I have certainly met trainers who show no sign of ever asking this sort of question, or of having the skills to answer it. Not every trainer is able to grasp the context a particular approach comes from (movement, country, history) in a way that might give a handle on the extent and limits of its workability – or to think critically about what they have read or heard. As we know of others (if not always of ourselves) what we think we know from our own experience may be wrong – and it is entirely possible to preach self-doubt and humility without any capacity to critically assess what your experience does tell you. And, on a less personal level, we live in a world where serious understanding of what works and what doesn’t in movements is far rarer than confident claims to know.

One of the most depressing experiences – given the bigger context – is to hear people who do know something about some things speak with equal confidence about things they don’t know about. It is of course more depressing to see other people lap it up and put it into practice. Hallamism in this respect is a symbol for a far wider problem.

Of course the problem is particularly acute when it comes to strategy and social transformation. Questions like “how can we get on better with each other?”, “how can we learn to cope emotionally?” or “how can we recruit more people?” are shorter-term ones, about spaces most activists are more familiar with.

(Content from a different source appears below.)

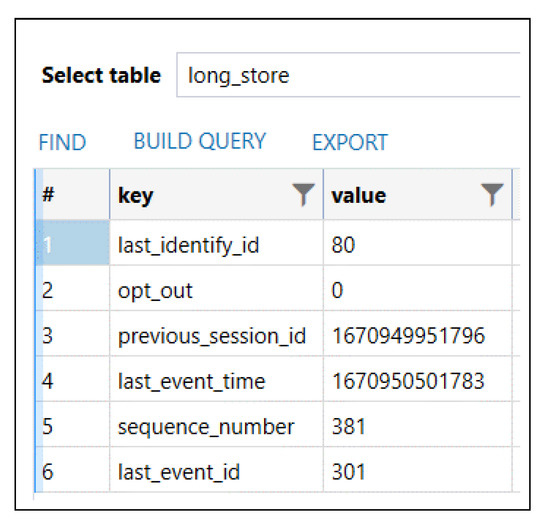 Most notably, the recovered Android artifacts may help paint a picture of when and where the user used the app or the system, respectively. Session-related logs were recovered from both the \app_bugfender folder and the \databases\com.amplitude.api database. Figure 5 depicts the content of the long_store table within this database. These logs include session, device, and user ID numbers, network connection, failure logs, and session start and end timestamps, among others (Figure 6).
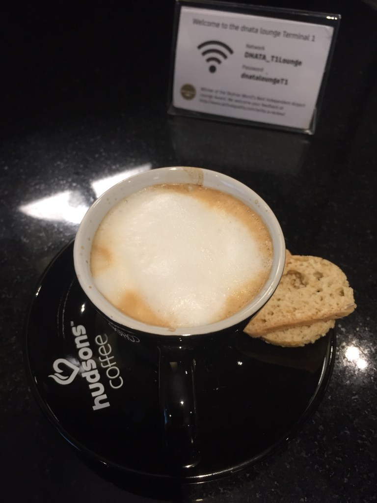 I don’t eat anything although there is a tempting array of delicious food available. And drinks. But I decide not to knowing I will soon be enjoying Lobster Thermidor on my flight to DPS. I just have a Hudson Coffee Barista-made double Macchiato instead.

Understandably, “how can we transform the world?” is a question that goes well beyond many activists’ range of experience, and often bounces them into a space of cartoon versions of MLK or Gandhi rather than anything they have a genuine, complex sense of. But it is one of the most important questions.

What can we do?

So what can we do? There is good practice in this space too, and if we have a sense of our own context we may be able to do what we do better. One thing which some training organisations do is to try and build long-term relationships with specific organisations, which gives some opportunity for a broader dialogue if many different people from an org have done a specific training over time and there are mechanisms for the trainers to learn from what happens when the activists try something.

Another is to try and work with more experienced activists, people who have been through different organisations or even movements and have lost some of that initial wide-eyed belief through bitter experience. As good teachers know, a genuinely critical audience that aren’t easy to convince represents a far better reality check on what you are saying than a group of desperate people who are new to activism and have no capacity to assess what they are being offered.

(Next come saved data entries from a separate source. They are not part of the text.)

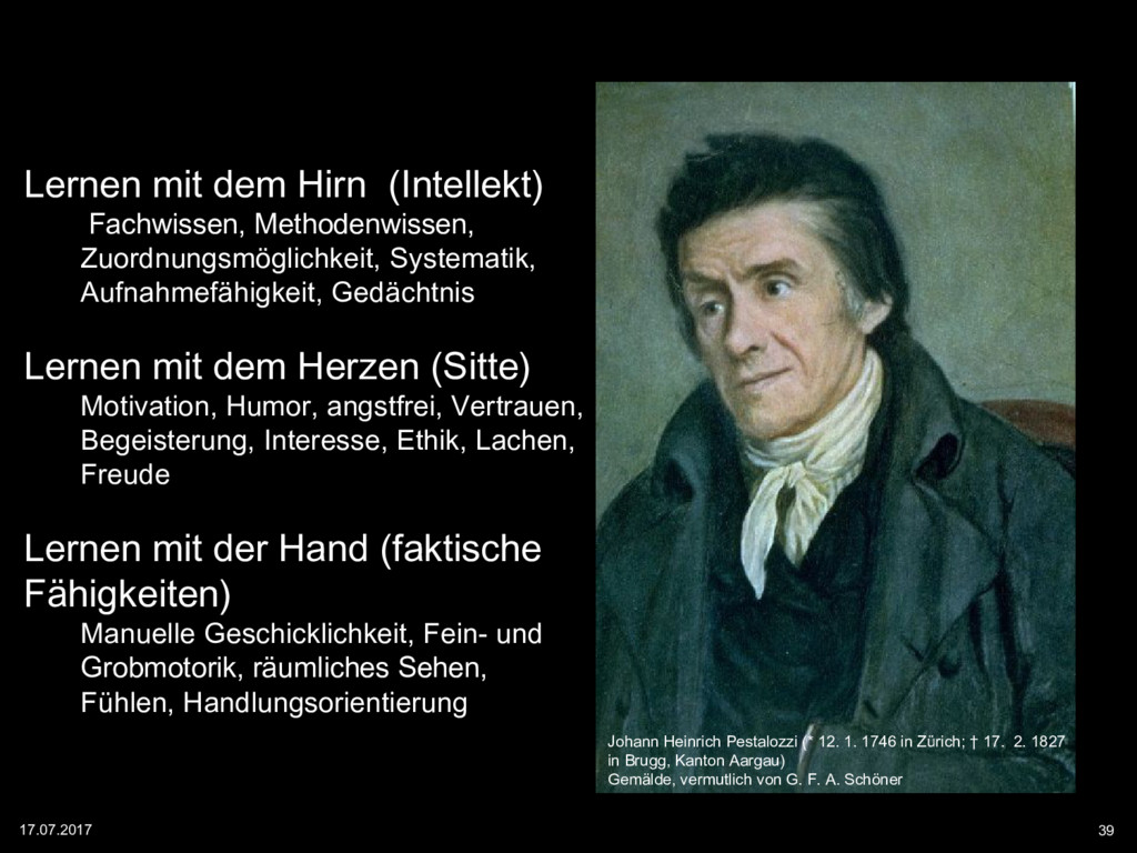 Gedächtnis Lernen mit dem Herzen (Sitte) Motivation, Humor, angstfrei, Vertrauen, Begeisterung, Interesse, Ethik, Lachen, Freude Lernen mit der Hand (faktische Fähigkeiten) Manuelle Geschicklichkeit, Fein- und Grobmotorik, räumliches Sehen, Fühlen, Handlungsorientierung 17.07.2017 39 Johann Heinrich Pestalozzi (* 12. 1. 1746 in Zürich; † 17. 2. 1827 in Brugg, Kanton Aargau) Gemälde, vermutlich von G. F. A. Schöner
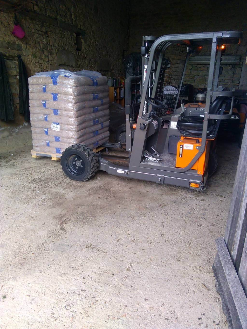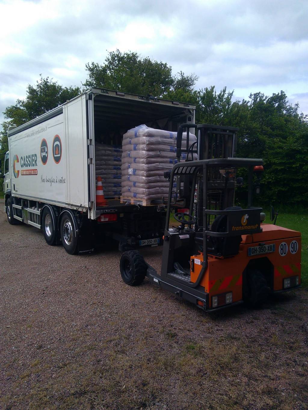 Livraison dans la Nièvre (58), à Rouy, de deux palettes de granulés de bois / pellets en sacs avec notre camion équipé d'un chariot embarqué (palette que l'on dépose dans le lieu de stockage ou au plus près en fonction de son accessibilité).
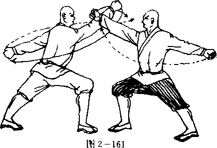 甲右脚在前方一步落地,两腿成右弓步;同时右掌变 拳,由后向前砸击乙方头部,拳心向左,拳眼斜向上左掌变拳展于身后,拳心向左,拳眼斜向上。目视乙方。乙两掌变拳,右拳囟上架拨甲方右拳,拳心向左,拳眼 斜向上;左拳摆于身后左侧,拳眼斜向上。目视甲方(图2 — 161 )。实战应用:甲方砸捶,用于攻击乙方上盘;乙的架捶是防守之招法。
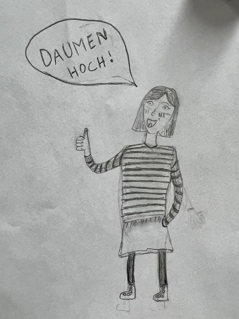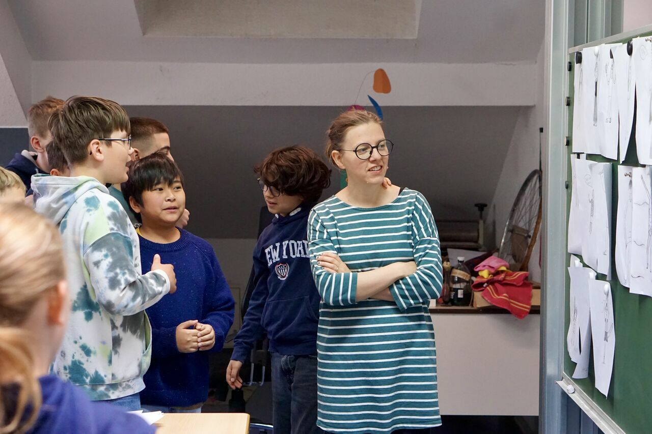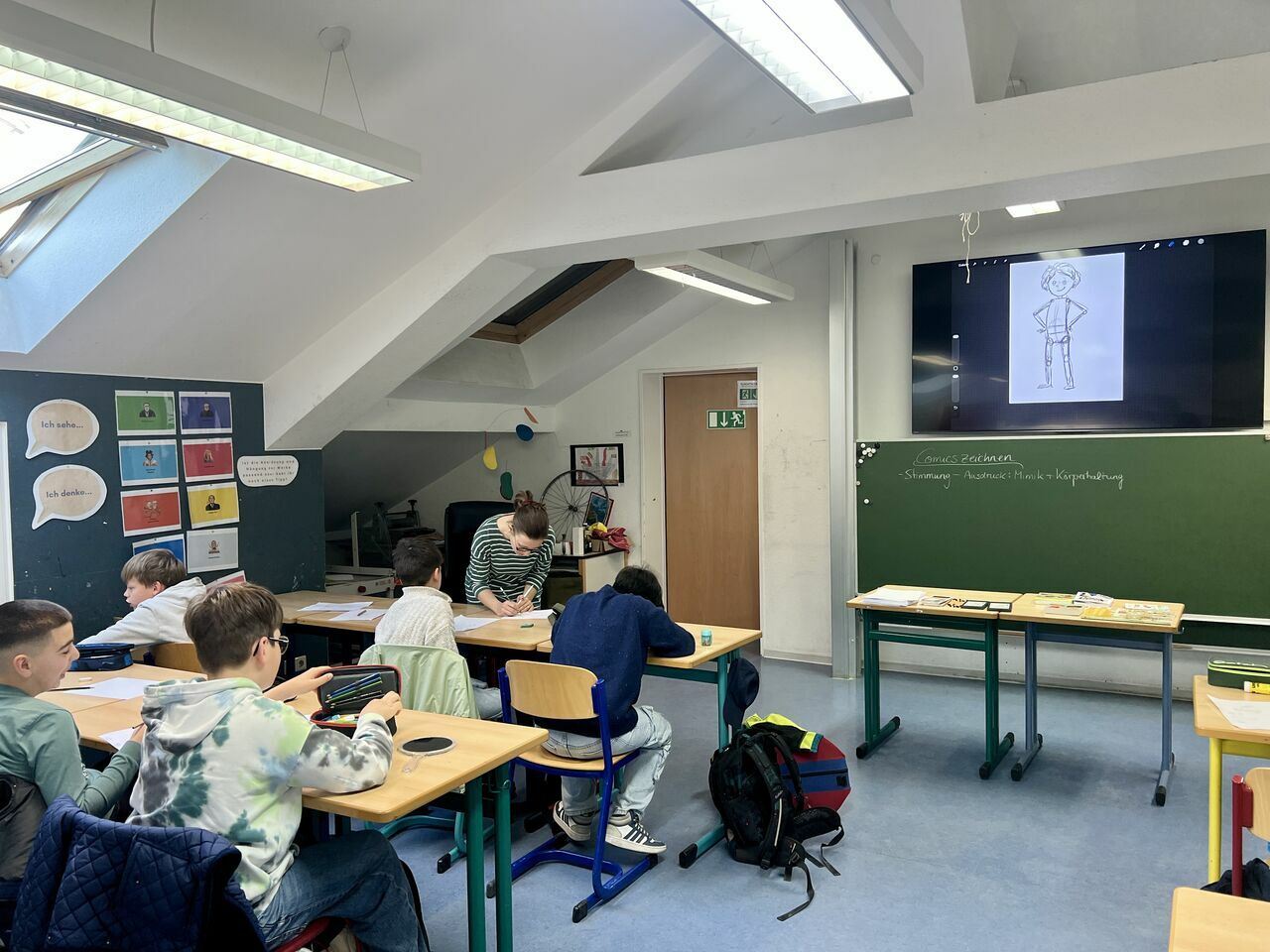 Danach kombinierten die Schülerinnen und Schüler Körperhaltung und Mimik, um Figuren mit klar erkennbaren Stimmungen zu zeichnen. Im zweiten Teil gestalteten sie ein Comic-Selbstporträt. Dazu beschrieben sie ihr äußeres Erscheinungsbild, typische Haltungen, Kleidung sowie besondere Merkmale ihres Gesichts. Auch persönliche Stärken und „Superkräfte“ wurden überlegt und in der Figur sichtbar gemacht. Zum Abschluss erhielt jede Comicfigur eine passende Sprechblase mit einem Satz, der den eigenen Charakter unterstreicht. So entstanden viele individuelle und kreative Comic-Selbstporträts, bei denen Constanze von Kitzing die Kinder Schritt für Schritt anleitete und unterstützte.

Perhaps the most important thing that can be done, though, is to use some form of Freirean or Gramscian methodology which genuinely supports activists to think through their own experience critically and work out their own good sense. This is slow stuff – “lived experience” doesn’t magically speak. Most of the time, it bubbles through “common sense” layers of everyday ideology and collusion with relationships of exploitation and oppression: it takes time, and genuinely radical relationships, to bring good sense out when people haven’t already done the work.

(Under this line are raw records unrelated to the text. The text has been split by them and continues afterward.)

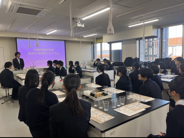 中学3年生が宮崎大学に体験授業を行いました。「花の色素でセンサーを作る」「CD‐R光の正体を暴く」「プログラミング体験」の三つをしていただきました。すごく楽しそうで、有意義な時間になったと思います。将...
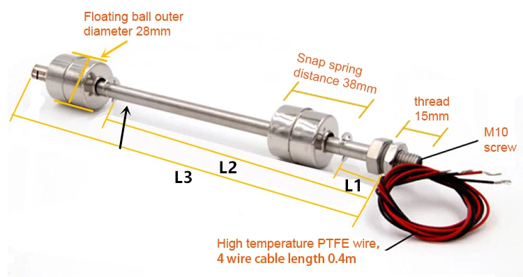 | Contact impedance: | <100m; | Product name: | stainless water fuel tank sensor float switch oil level Switch float; |
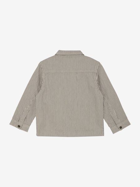 "This striped top from Minymo is a stylish and practical piece of clothing for boys. Made from high-quality twill, it not only offers a fashionable look, but also durability and comfort. The zipper at the front makes it easy to put on and take off, while the front pockets offer additional storage space and round off the design. The classic collar gives the shirt an elegant touch that makes it versatile, whether for everyday wear or special occasions."
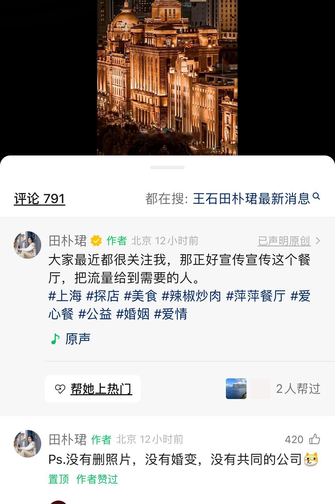 田朴珺:没有删照片,没有婚变,没有共同的公司! 1月5日,田朴珺更新个人社交媒体,在留言区回复网络中的流言,她表示和王石没有婚变。 同时田也用这波流量宣传了上海一家爱心餐厅!真是人美心善。
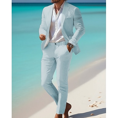 Hombre Blazer de lino Conjunto Negocio Fiesta de Cóctel Fiesta de Boda Moda Casual Primavera Otoño 30% lino 60% poliéster Plano Bolsillo 2 Piezas Cómodo Botonadura Simple Chaqueta de sport Blanco
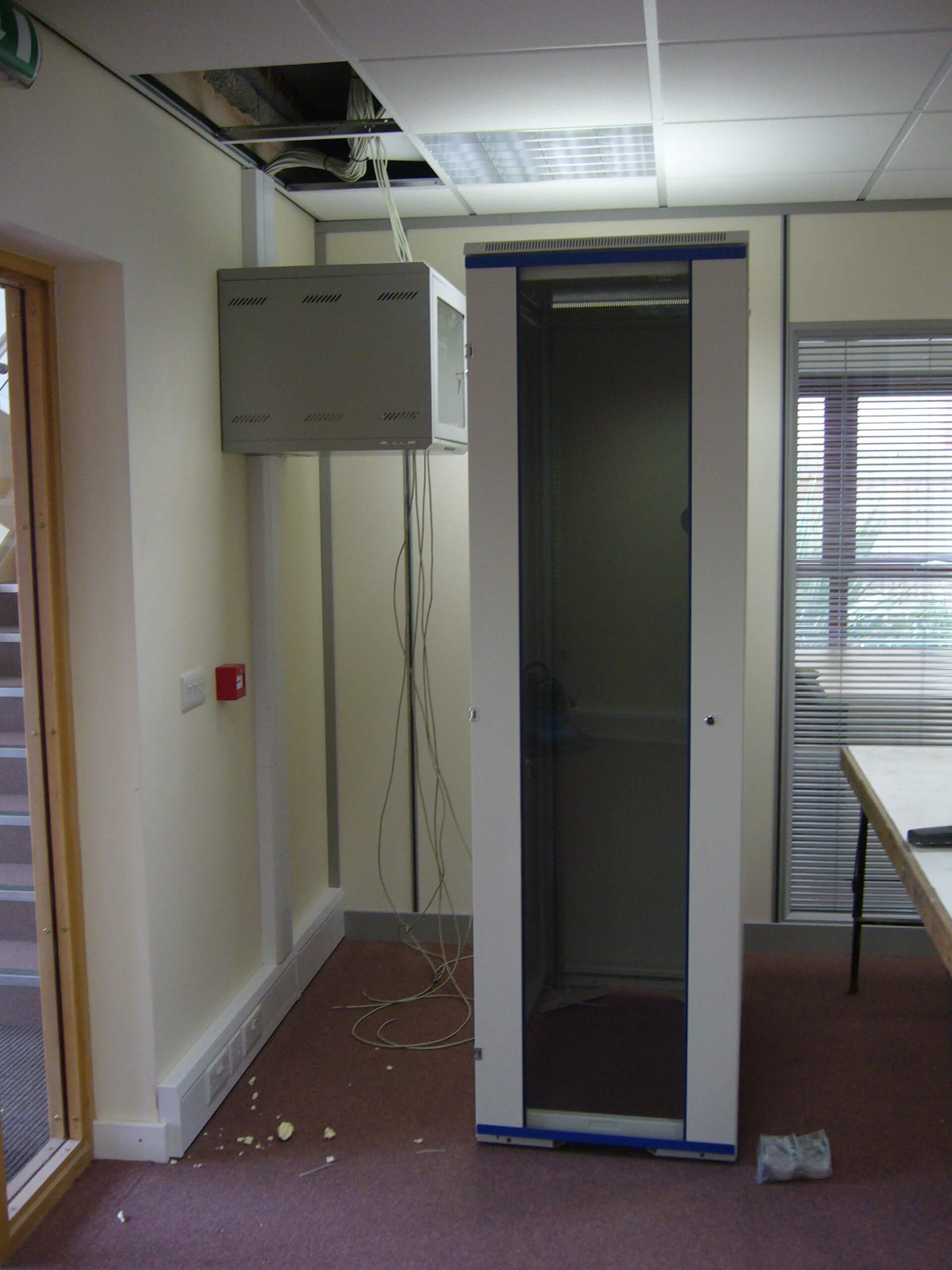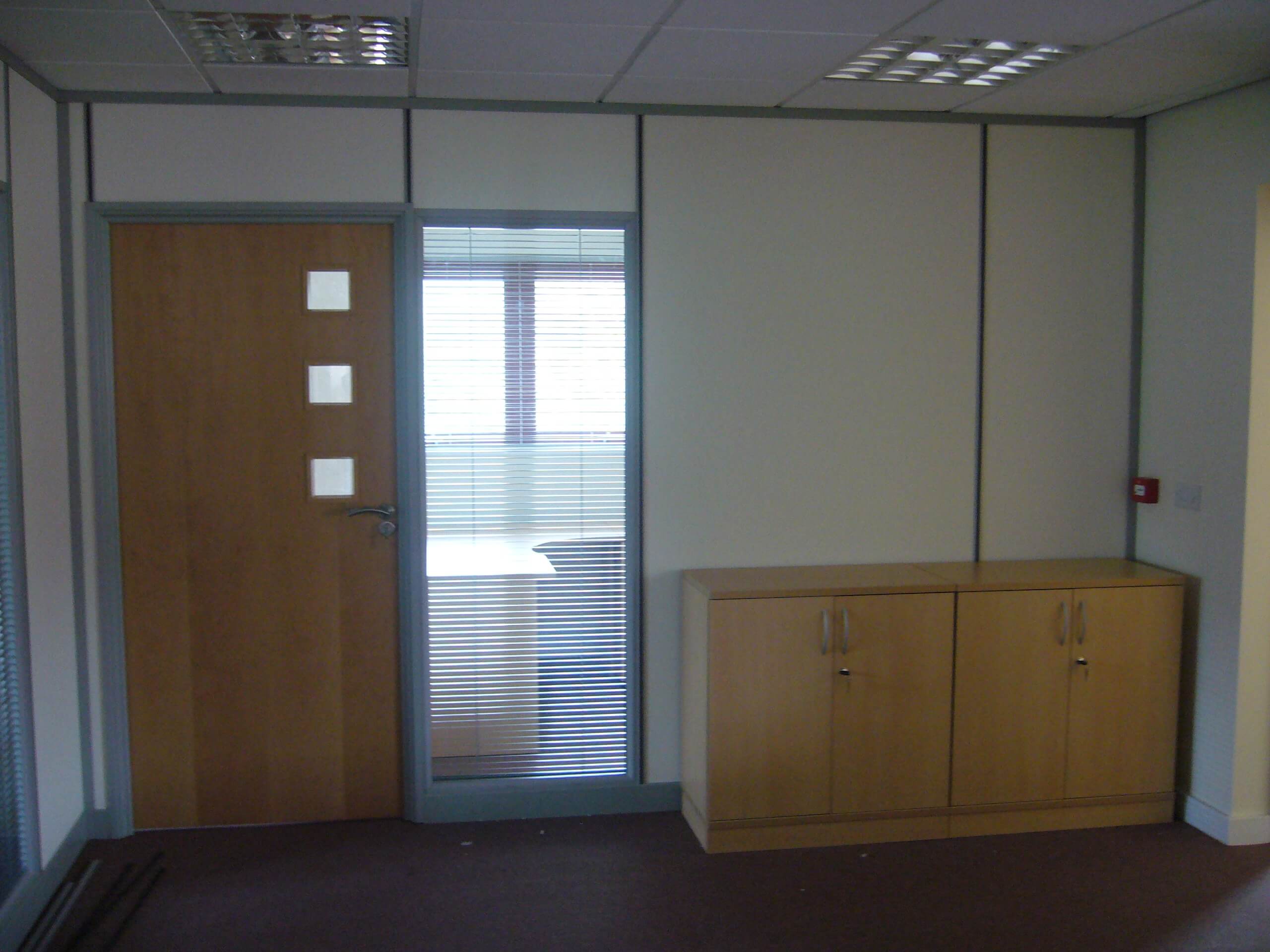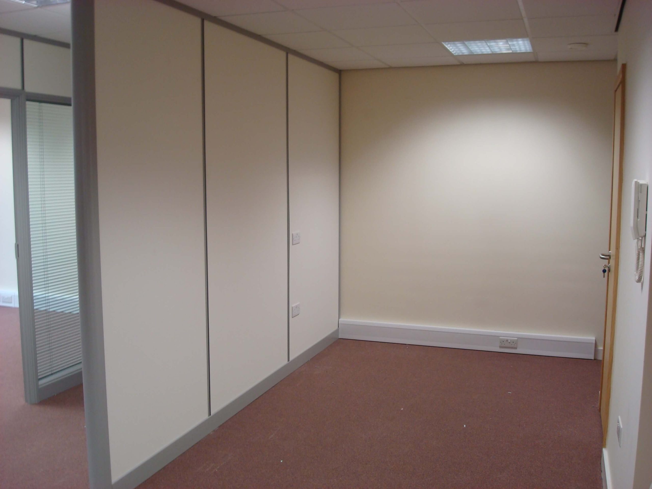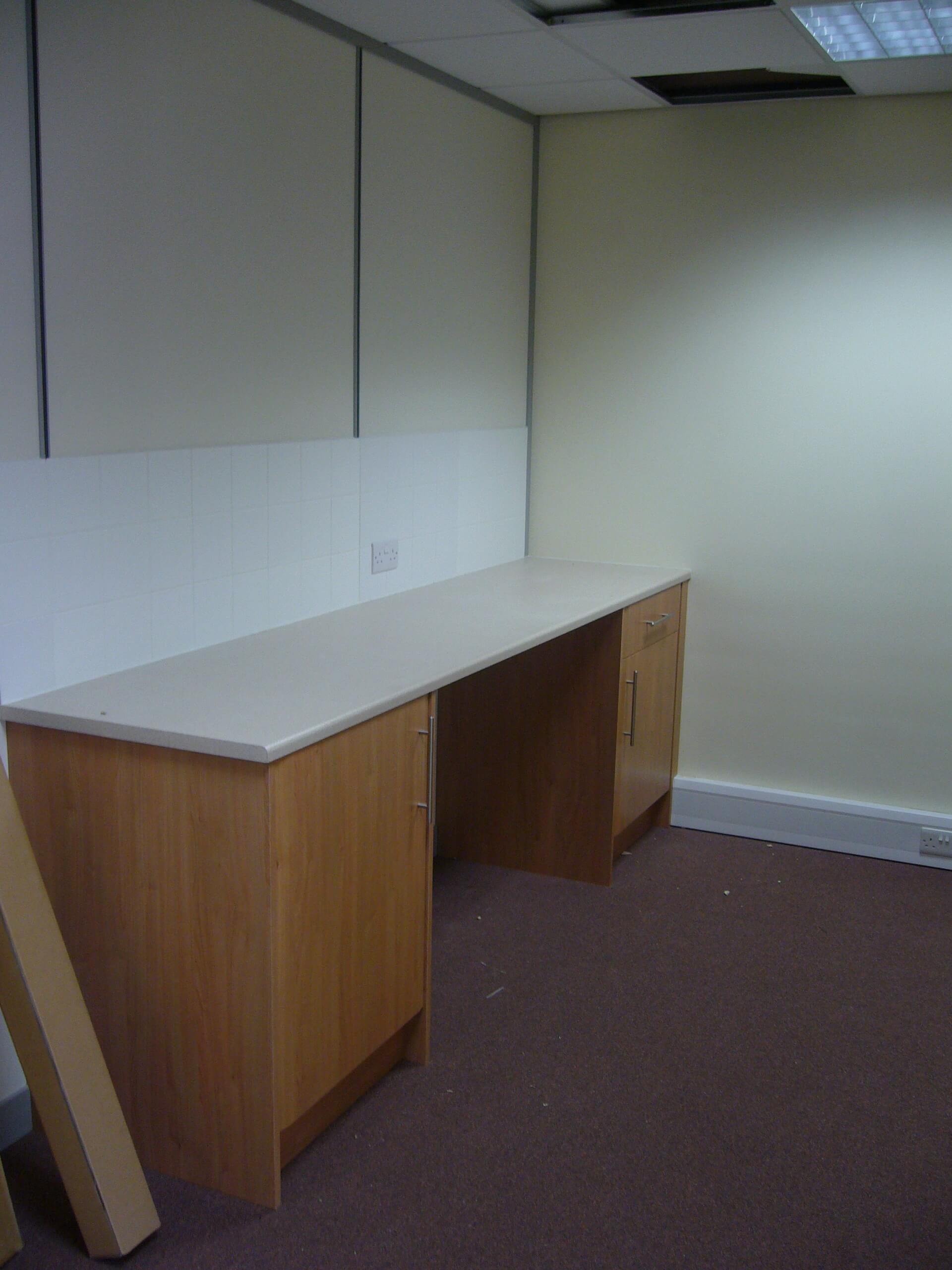 The main building is rented, and so a requirement from landlords is that the partitioning needs to be demountable. The condition of the existing space was pretty good, with cabling and lighting already in place. We did have to re- cable all of the Cat5 data and voice sockets to the comms cabinet position, as well as re-position power sockets in the perimeter trunking so that there appeared in the correct places. All we had to do was to fit some partitioning as well as some storage wall for the main meeting room. We also had to build a small kitchen.

Movement activists are often part of the way along this road: in particular, they can reflect not only on their experience of social structures but also on their experience of trying to change them. That also means that movement trainers don’t need to be salespeople, preachers or confidence tricksters.

And: we can create more egalitarian and democratic learning spaces. We might know some things that others don’t, but we can be straight with them about what we think they might find useful and why, and create spaces that enable them to check these out in a provisional way. Emotional manipulation doesn’t need to be part of the picture.

Time is short, and the thing we’re doing isn’t working very well. Are we able to think together, honestly, as experienced activists, about how we could do it better? And if not, what do we think we’re doing?